24566.fb2
— Значит, в открытых водах. Я, чтобы ты представила. В общем, несколько часов спустя после отплытия на них обычно нападал страшный голод, и тут жарились на углях креветки, и открывались банки с ледяным пивом, а в холодную погоду кружками заглатывался черный обжигающий кофе. И этим запахом пропитывается корабельная древесина — кофе в зернах, обжаренного на месте, и сочной мякоти креветок с румяной хрустящей корочкой.
— Пожарь завтра креветок, будь добренькой.
— Они ж дорогущие.
— Я куплю, продолжай.
— К счастью, тяжелые пары пива, надеюсь, уносит ветер. И все это он внезапно вспомнил, будто снова ступил на борт шхуны его первой молодости, словно и не прошло столько времени, вот он, еще пышет здоровьем, отрастил небольшой животик, но здоровья хоть отбавляй, молодость ушла, но здоровье осталось, а значит, не страшны седина и лоб в морщинах?
— А она смогла заснуть?
— Еще как! Уснула мертвецким сном, и он разбудил ее часов в шесть, весь возбужденный. Оказывается, он переговорил с кем-то со шхуны, и они звали его выйти сразу на морской простор. Или порыбачить у берега, не смотри так, я ничего не утрирую.

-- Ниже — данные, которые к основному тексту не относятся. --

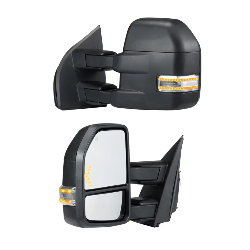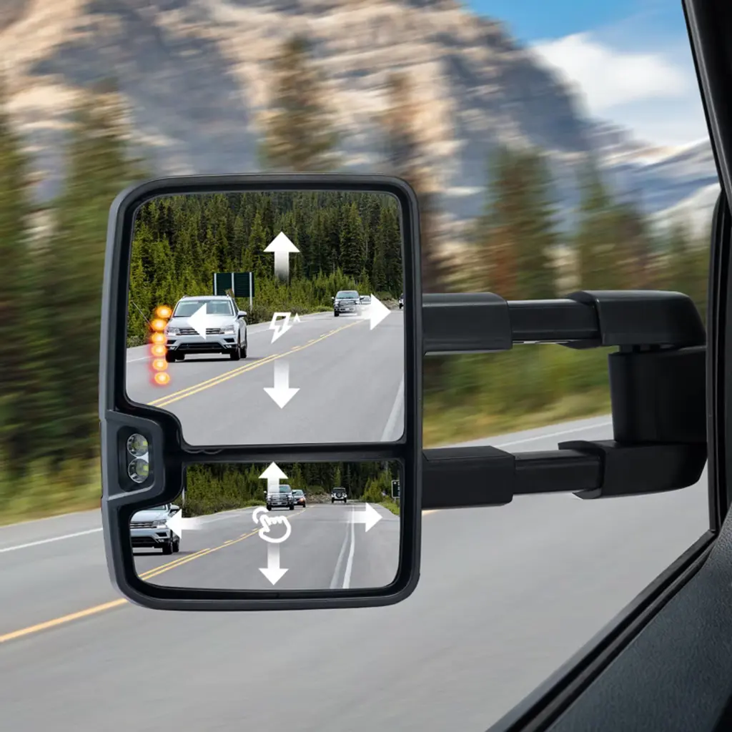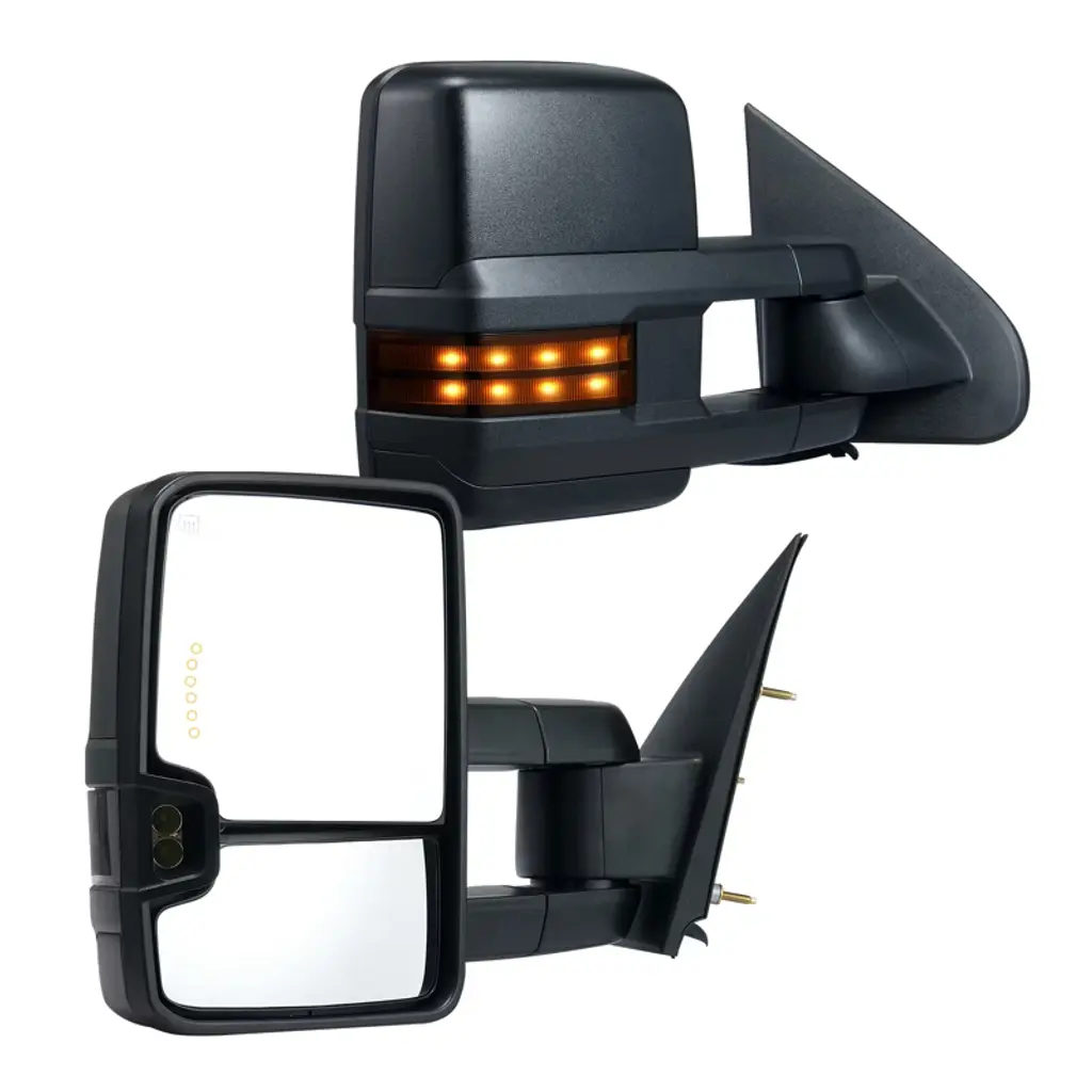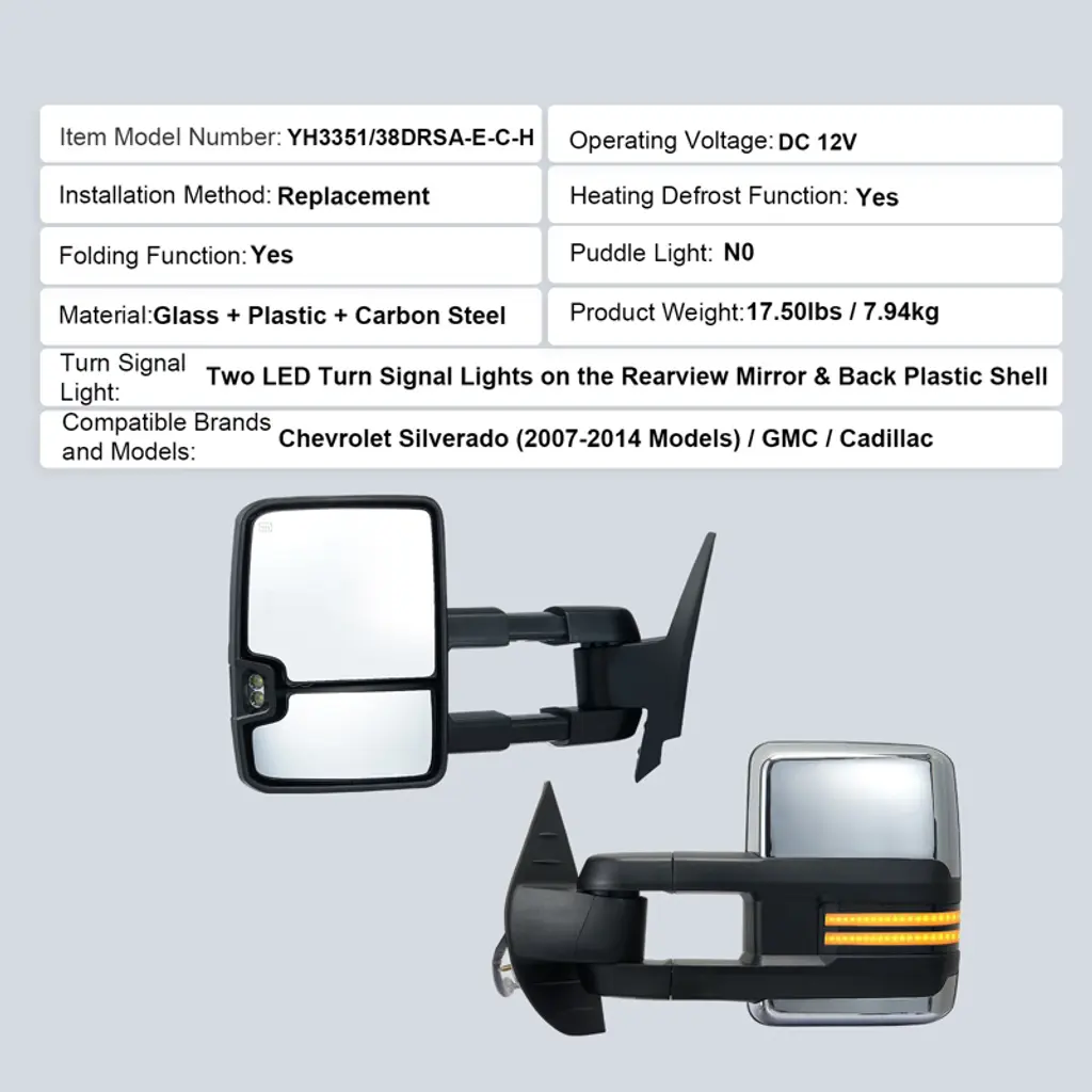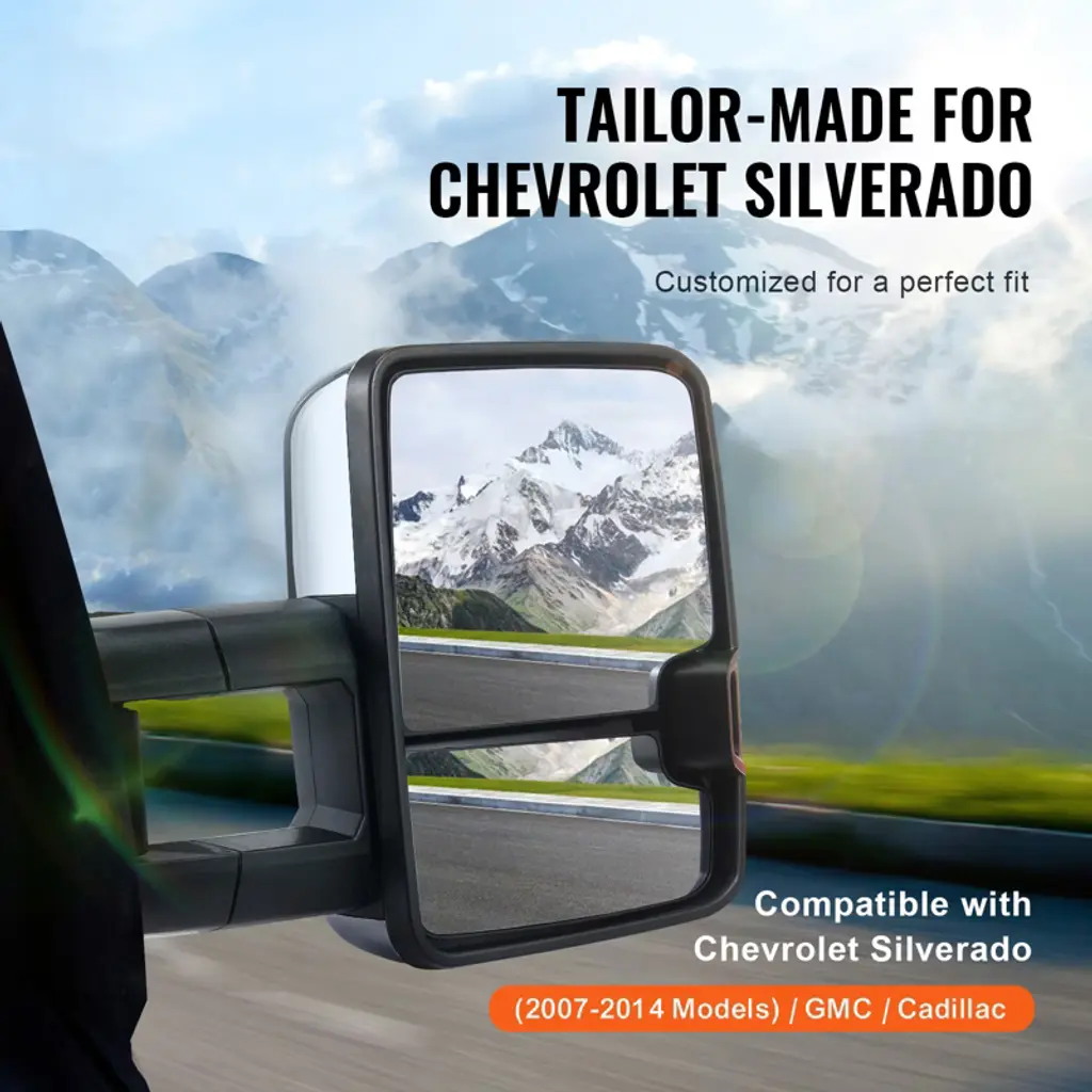 Feature: Vehicle Compatibility: Our towing mirrors are compatible with 2008-2013 For Chevy For Silverado/For GMC For Sierra all models; 2014 For Chevy For Silverado/For GMC For Sierra 2500HD 3500HD; 2007 For Chevy For Silverado/For GMC For Sierra Pickup new body style models; 2007-2013 For Chevy Tahoe Suburban Avalanche/For GMC Yukon Yukon XL Yukon Denali. No worries about mismatched parts here – our mirror set is designed to blend seamlessly with your vehicle, ensuring a snug fit. Four-Way Adjustment: With advanced multidimensional adjustment and electric adjustment features, you can tweak the tow mirrors to just the right angle for your driving style. Whether it's vertical or horizontal adjustment, precise control is achievable. No more blind spots ruining your day – get ready for a safer, smoother ride. Diverse Lighting Configuration: Light up the road with our trailer mirrors' turn signal lights. They boost visibility in dim conditions and add a touch of sleekness to your vehicle. Crafted from industrial-grade plastic and carbon steel, they're built to last through countless adventures. Folding and Heating Functions: These truck mirrors are designed with manual telescopic folding functionality, making storage a breeze and facilitating passage through narrow spaces. The heating function ensures quick removal of frost or fog for crystal-clear vision, even on rainy and snowy days. Easy Installation: No need to call in the pros or hunt down special tools – installing our trailer towing mirror is as easy as pie! Just hook it up to your vehicle's power supply (DC 12V), and you're good to go. We've included everything you need in the package, along with a step-by-step guide that even a DIY newbie can follow. Package Content 2 x Towing Mirrors 4 x Connection Cables (2.5 m) 1 x Accessories Kit 1 x User Manual

— Чтобы вернуться на следующее утро? Не верю! Он оставлял ее одну в первую же ночь?
— Она-то вне себя от счастья, это он скорее не решался, думаю, боялся ее обидеть, но она настояла, мол, конечно, он должен пойти. Только она хотела прежде выпить с ним чаю, собиралась спросить о паре вещей, не хочет ли он поехать на экскурсию на другие острова с теми, кто не участвует, с сопровождающими. Она не осмелилась заговорить с ним об этом раньше. Но что получалось? Если он останется пить чай, то опоздает к отплытию рыбацкого судна, и тогда она с радостью его отпустила, пусть бежит скорее на пристань, только захватит с собой что-то из теплой одежды.
— Мечтала покорить его любой ценой.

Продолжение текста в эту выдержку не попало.